Forward

Tonight, a wind so loud my son mistakes it for rain, not the crash of dry leaves on siding or patio door, the scrape of them on sidewalks as they scuttle and shuffle and scatter, catching in the evergreen’s branches or in the hedges lining all those patio fences. At the end of the street birch wears fall best, leaves yellowed and half fallen. Drab summer would hide them in green; here, trunks are stark and edged with black. I like them best when bracketing highways, a copse of white fading into fog like last Saturday morning before the rain came, when veins of leaves and their sudden bright were best seen on sidewalks, their bodies’ paper made translucent by water.

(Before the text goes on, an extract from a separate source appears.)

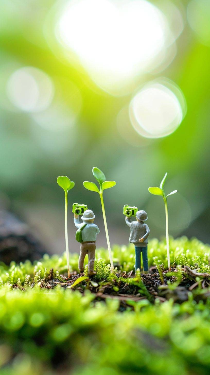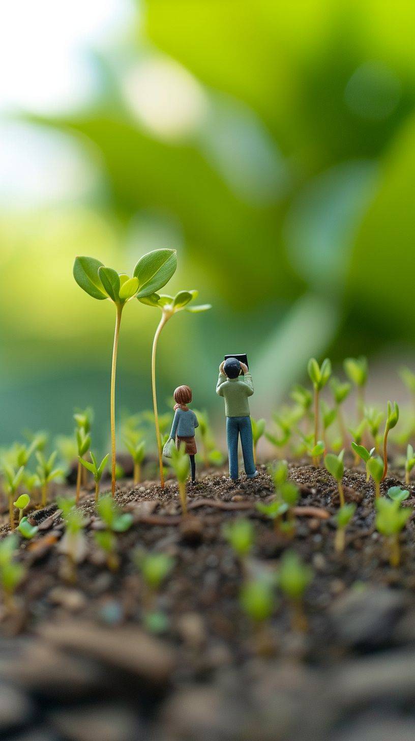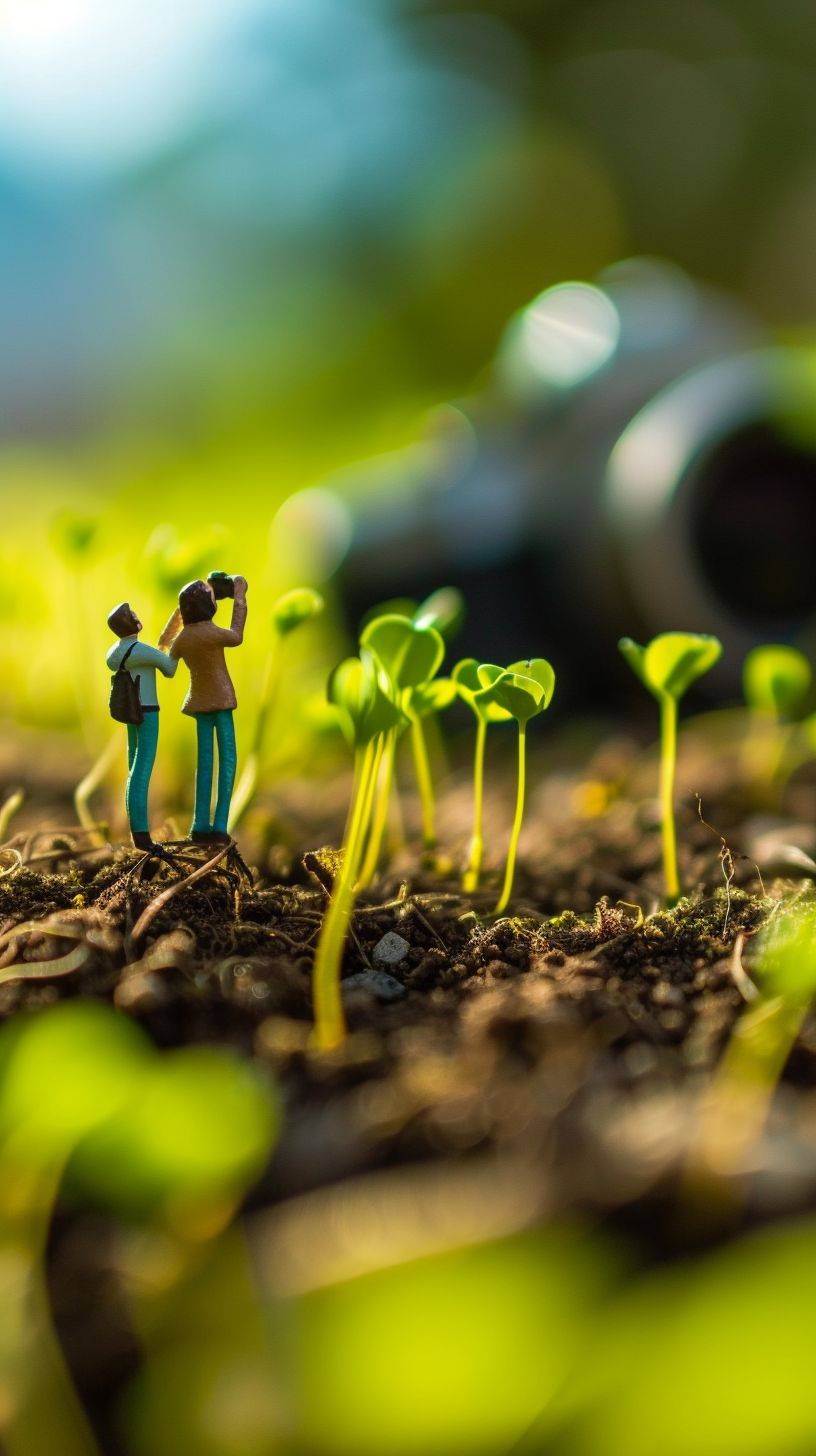 masterpiece,best quality, a couple of miniature people taking photos while standing next to sprouts on the grassland,miniature photography,camera looking up --ar 9:16 --v 6 --stylize 50

In a small room that morning a poet spoke of how we write from trauma, and I think maybe all I am doing here is unlearning his. Not how yet to move on, though a woman in a bar tells me time and a man in another tells me body, maybe his, maybe someone else’s, maybe a succession of skin I learn like those leaves, as if by learning how to be vulnerable with body I can learn again how to risk heart.

They are answering what I ask, but it’s still the wrong question, which is not how to move on but instead what did I learn. Here the answer is simple—who I don’t want to be. How best not to hold a heart. How best not to say goodbye. How to try to not wound.

I wish to break no one. To love those in my life like these leaves in all kinds of weather, half crumpled or whole or bright with color, sodden in summer or barely hanging on in fall, to love them like these leaves in all their shapes and varying degrees of wholeness, to just love them.

And if this is all I have learned in the past year, then perhaps it doesn’t matter if I have moved on because I have instead, at least, learned to move forward. To let the inevitable pull of something take up space in me, reshape the core of me, just like autumn and those leaves. Those red. Those brown. Those windblown and beautiful. Those ever changing. To move forward, like leaves.